Beğenelim beğenmeyelim aşağıda gündeme getirdiğim konular,  sokaktaki insanımızın hayatını etkileyecek cinsten. Ama bize ne, değil mi?

Zaman zaman hiç kimsenin dönüp bakmadığı konuları dile getirmeye ya da en azından ortaya çıkarmaya çaba gösteriyorum. Bu konular dünyanın en önemli gündem maddeleri değiller. En az onlar kadar önemli pek çok başlık var. Hepsini ele almak mümkün değil. Ama bizim gündem maddelerimiz o kadar kendimize dönük ki… Kuma gömmüş kafamızı yaşıyoruz. Varsa yoksa biz ve bizim meselelerimiz. Bir de başka gündemlerin bizi etkilemeyeceğini sanıyoruz. Kendimizden başka ülke, ülkemizinkinden başka can tanımıyoruz. Kafamızı çevirip bakmıyoruz. Sonra bir gün, feci oluyor feci…

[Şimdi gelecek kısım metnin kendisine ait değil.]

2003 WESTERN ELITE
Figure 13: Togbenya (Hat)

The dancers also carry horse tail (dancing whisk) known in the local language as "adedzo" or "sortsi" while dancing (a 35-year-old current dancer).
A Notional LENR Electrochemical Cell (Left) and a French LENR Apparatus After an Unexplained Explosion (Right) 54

Beğenelim beğenmeyelim aşağıda gündeme getirdiğim konular,  sokaktaki insanımızın hayatını etkileyecek cinsten. Ama bize ne, değil mi?

ABD
Millenium Challenge Account (MCA). Binyıl Mücadele Hesabı diye çevirmeye kalkışsak da tam tercümesi bu değil. ABD’nin 2003 yılında uygulamaya koyduğu bu yeni dış yardım sistemi, geleceğe damgasını vuracak gelişmelerden.

ABD bundan böyle sürdürülebilirliği göz önünde bulundurulmuş projelere parasal yardım yapacak. Hesaba, Amerikan Kongresi tarafından 2004′te 1.67 milyar, 2005′te 3.34 milyar, 2006 yılındaysa 5 milyar dolar ayrılacak. Rakam, ABD’nin 10 milyar dolarlık insani yardım bütçesinin yarısı.

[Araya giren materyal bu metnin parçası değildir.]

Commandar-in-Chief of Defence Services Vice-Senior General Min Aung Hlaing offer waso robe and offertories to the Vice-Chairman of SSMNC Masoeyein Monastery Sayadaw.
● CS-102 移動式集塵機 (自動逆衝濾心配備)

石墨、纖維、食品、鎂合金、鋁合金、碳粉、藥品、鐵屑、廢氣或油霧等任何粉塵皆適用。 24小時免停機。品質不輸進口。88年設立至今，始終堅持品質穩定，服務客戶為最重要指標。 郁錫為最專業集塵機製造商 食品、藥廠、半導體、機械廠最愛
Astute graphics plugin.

Ayrılan yardımların da ödüllendirmek istediği projeler var. Bunlar ülkemizde bir süredir üzerine eğildiğimiz kadın hakları ve kadın istihdamı ile çevre gibi konularda yoğunlaşıyor. Uzmanlar tarafından yardıma aday ülkelerin projelerinin uygunluğu inceleniyor. Yardım alan ülkeye ekonomik açıdan kazanç sağlasa bile bu iki konuda kazanç yerine zarar getiren projelere MCA bütçesinden yardım yapılması zor.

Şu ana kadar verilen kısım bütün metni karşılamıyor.